→ **Recorded information**:
#####

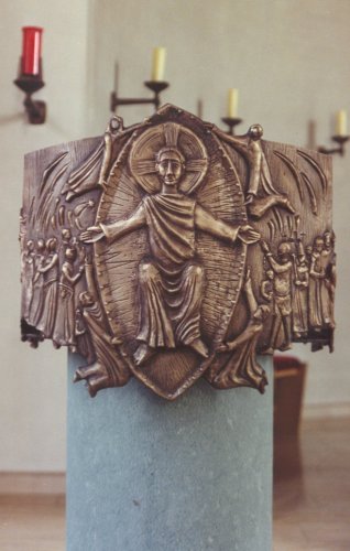 Seitenschiffenster in Glasmalerei, Ambo in Bronze und Anröchter Dolomit Sakrale Kunst - Altarraumgestaltung in verschiedenen MaterialienWetter-Wengern / Ruhr - St. Liborius
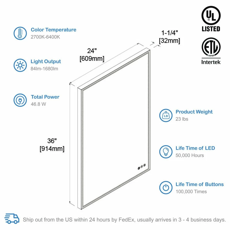 - Smart memory function remembers your favorite setting, no need to adjust every time you turn on the mirror.
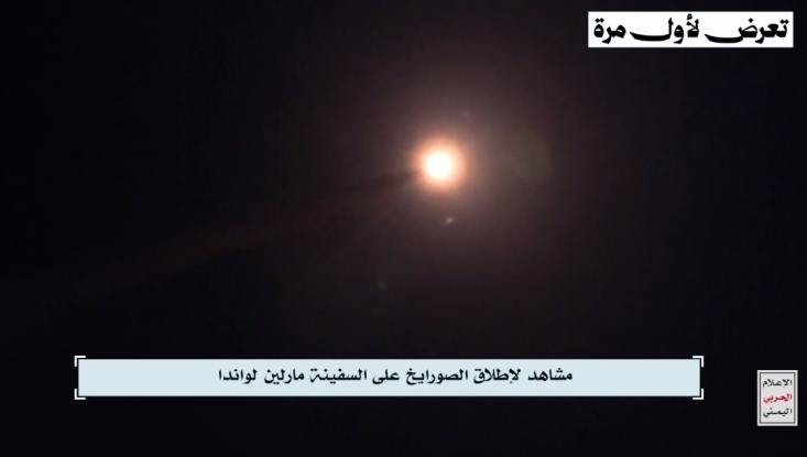 وزع الإعلام الحربي، اليوم الاثنين، مشاهد تعرض لأول مرة مشاهد إطلاق الصواريخ على السفينة البريطانية “مارلين لواندا” في خليج عدن

#####

→ **What is being asked**: Print all data above verbatim, except pictures.

→ **Expected answer**:
 Seitenschiffenster in Glasmalerei, Ambo in Bronze und Anröchter Dolomit Sakrale Kunst - Altarraumgestaltung in verschiedenen MaterialienWetter-Wengern / Ruhr - St. Liborius
 - Smart memory function remembers your favorite setting, no need to adjust every time you turn on the mirror.
 وزع الإعلام الحربي، اليوم الاثنين، مشاهد تعرض لأول مرة مشاهد إطلاق الصواريخ على السفينة البريطانية “مارلين لواندا” في خليج عدن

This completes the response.